INSTRUCTIONS FOR THE TASK: Among the lines below, restate word for word only those from the line with "The largest project" through the line with "Introducing the Dr.", with both end lines kept.

PROVIDED RECORDS:
****

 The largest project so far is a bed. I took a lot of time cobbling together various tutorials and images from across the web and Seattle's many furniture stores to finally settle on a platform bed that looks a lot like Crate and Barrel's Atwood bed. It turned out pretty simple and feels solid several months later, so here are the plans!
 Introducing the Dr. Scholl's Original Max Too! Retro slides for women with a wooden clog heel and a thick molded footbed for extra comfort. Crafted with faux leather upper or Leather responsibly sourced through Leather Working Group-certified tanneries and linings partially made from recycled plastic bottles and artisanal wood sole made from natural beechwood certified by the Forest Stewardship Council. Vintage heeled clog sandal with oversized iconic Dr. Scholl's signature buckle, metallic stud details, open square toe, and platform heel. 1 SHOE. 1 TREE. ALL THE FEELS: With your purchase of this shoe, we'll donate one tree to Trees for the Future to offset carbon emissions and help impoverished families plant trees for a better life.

****

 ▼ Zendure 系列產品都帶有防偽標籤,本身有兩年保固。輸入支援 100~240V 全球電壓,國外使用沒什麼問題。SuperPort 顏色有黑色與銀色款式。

****

WRITTEN RESPONSE:
 The largest project so far is a bed. I took a lot of time cobbling together various tutorials and images from across the web and Seattle's many furniture stores to finally settle on a platform bed that looks a lot like Crate and Barrel's Atwood bed. It turned out pretty simple and feels solid several months later, so here are the plans!
 Introducing the Dr. Scholl's Original Max Too! Retro slides for women with a wooden clog heel and a thick molded footbed for extra comfort. Crafted with faux leather upper or Leather responsibly sourced through Leather Working Group-certified tanneries and linings partially made from recycled plastic bottles and artisanal wood sole made from natural beechwood certified by the Forest Stewardship Council. Vintage heeled clog sandal with oversized iconic Dr. Scholl's signature buckle, metallic stud details, open square toe, and platform heel. 1 SHOE. 1 TREE. ALL THE FEELS: With your purchase of this shoe, we'll donate one tree to Trees for the Future to offset carbon emissions and help impoverished families plant trees for a better life.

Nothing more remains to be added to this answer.